In the vaguely distant future, God exists and his name is Q – in reference to the Quantinuum (né: everything). It turns out reality is a small neighborhood populated by many planets with many aliens. Media plays a big role in the management of this universal village and a pretty face with a nice smile goes a long way in keeping the peace. Perky D-cup breasts don’t hurt either. Creena Hersh AKA “Bewilder” leads a team of hyper-natural individuals with the goal of protecting the Quantinuum from bad people. It all sounds cosmic and esoteric, especially considering that the abilities of the team are clever and inventive (sometimes). For instance, the character know as Thinkwell wields a dark advanced mathematical force which manipulates the laws of quantum mechanics. Unfortunately, the potential to create something truly strange and fascinating is squandered on fitting all these imaginative elements into a box you could fairly label “superhero team up” or more facetiously “Avenger Assemble” (replete with pseudo-brushed steel/marble logo design). The branding is spot on as this will appease the fan with an appetite for sci-fi superhero adventure. But the discerning reader will probably conclude that Boom! Studios’ Hypernaturals #1 is yet another meat and potatoes comic.
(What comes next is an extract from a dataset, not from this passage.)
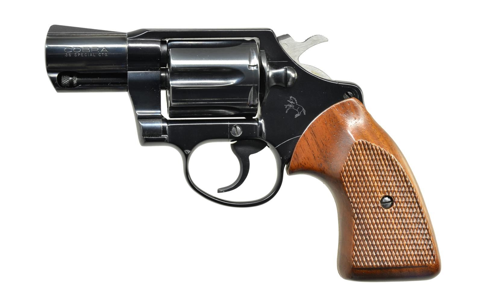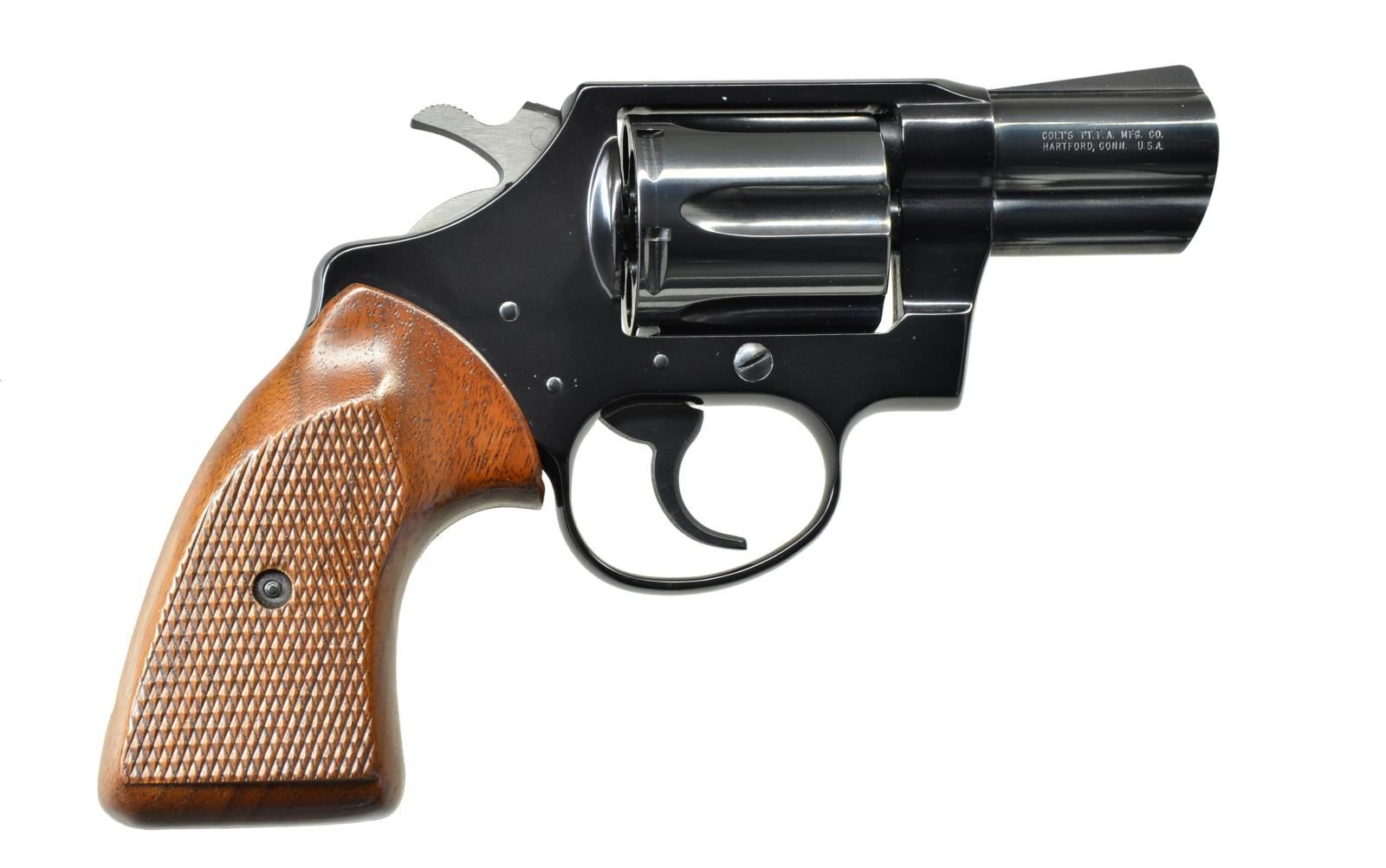 Cal. 38 Spl. S# C70912 . Bbl. 2" w/ shrouded ejector rod & serrated ramped blade sight; serrated notched top strap. Mfg. 1973 (1973-1981); blued w/ black alloy D frame having checkered walnut oversized grips extending below frame; no medallions. Smooth faced blued trigger & grooved hammer w/ polished sides. Basically, Detective Special w/ alloy frame. CONDITION: all aspects near excellent; appears new & unfired. (22-39/NW). MODERN. $800-1,200.

The book opens Hollywood style. A big bad – and conveniently talkative – villain is introduced. Throw in some robots for punching and a few explosions to distract from the exposition. Add in some techno talk for flavor and serve immediately. Once that’s out of the way, things get more compelling. The team has been defeated and the public is on edge. The story now becomes largely a public relations issue complicated by internal relations. This is the book’s greatest strength as the tension and pressure is made clear and tangible via smart dialog. The challenge that the main characters now face is having to quickly assemble a new team of hypernaturals in order to appease the public. But this means putting rookies in a dire and delicate situation. Mistakes will be made and that’s genuinely interesting.
All of this is inter-cut with scenes of a drunken ex-hyper. It’s suggested that he will be recruited to help, but he’s a liability in more ways than one. It’s a well constructed setup but nothing we haven’t seen several times already. Hypernaturals #1 is a traditional sci-fi superhero story with some flashing lights added on for a bit of dazzle. Example: The last few pages of the book are an interview with Hersh. Cool huh? Except that it’s designed in a magazine format. Magazines are dead now, let alone in the distant future. The design here could easily have creatively expressed the tone of the setting but instead is a sedate and sober layout. It’s just one of the several “think small and play it safe” symptoms of the book.
The pencils also avoid veering off the beaten path. But as far as that goes, it’s strong. The line is generally confident, the designs are relatively diverse and consistent, and the story telling is taut. Art duties are shared by multiple pencilers and inkers and for the most part the transitions are made seamless by assigning different teams to different types of scenes. The coloring by Stephen Downer however often lacks contrast. It seems he is going for a cold, futuristic tone but sacrificing clarity in a lot of places, resulting in a sort of “computer screen glow” permeating the pages with blandness. I get the impression it’s an attempt at a cool effect (see The Activity), but it falters here.
Looking for a reliably entertaining superhero book? This one is a good bet. But for my money, Hypernaturals is a lost opportunity. Placing a rote story in a setting begging for an exploratory narrative is a disappointment. The best I can say of this comic is that it’s appropriate for the market. I can’t blame the creative team for that, only my personal taste or perhaps the market.